Sekarang keinginan aku benar-benar jelas, aku tidak melihat bahaya di dalamnya. "Seseorang mungkin melihat kita bersama…"

"Aku tidak peduli siapa yang melihat kita bersama. Pak Gusman membutuhkan aku lebih dari aku membutuhkannya, jadi jika dia memiliki masalah dengan itu, itu terlalu buruk. "

"Tapi itu bisa membuatku terlihat buruk.
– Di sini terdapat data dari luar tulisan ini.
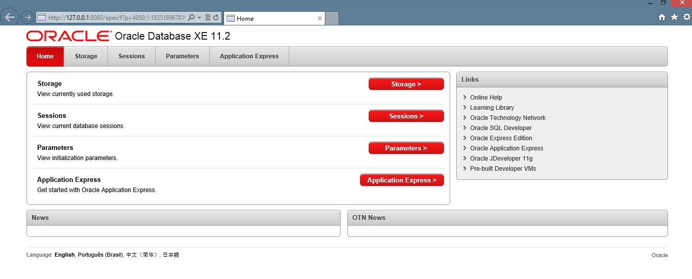 O Oracle utiliza um servidor web para gerenciamento e utilização do Application Express na porta 8080 no computador local, Digite localhost:8080 no seu navegador para abrir o servidor que está rodando no seu computador.

Dewan sudah tidak menyukai aku. "

"Itu masalahmu di sana."

"Maafkan aku?" Terkadang dia tenang, dan terkadang dia agresif. Aku tidak pernah tahu dengan apa dia akan memukulku.

"Kamu peduli dengan apa yang orang lain pikirkan. Orang-orang akan lebih menghormati Kamu ketika Kamu tidak."

Haris dan aku duduk di meja di belakang, jauh dari tamu lain yang menikmati makanan mereka dalam pencahayaan redup, dengan suara gitar Spanyol dan dentingan gelas saat orang-orang bersulang. Tempat itu lebih mewah dari yang aku harapkan, jadi pakaian aku terasa sedikit kasual.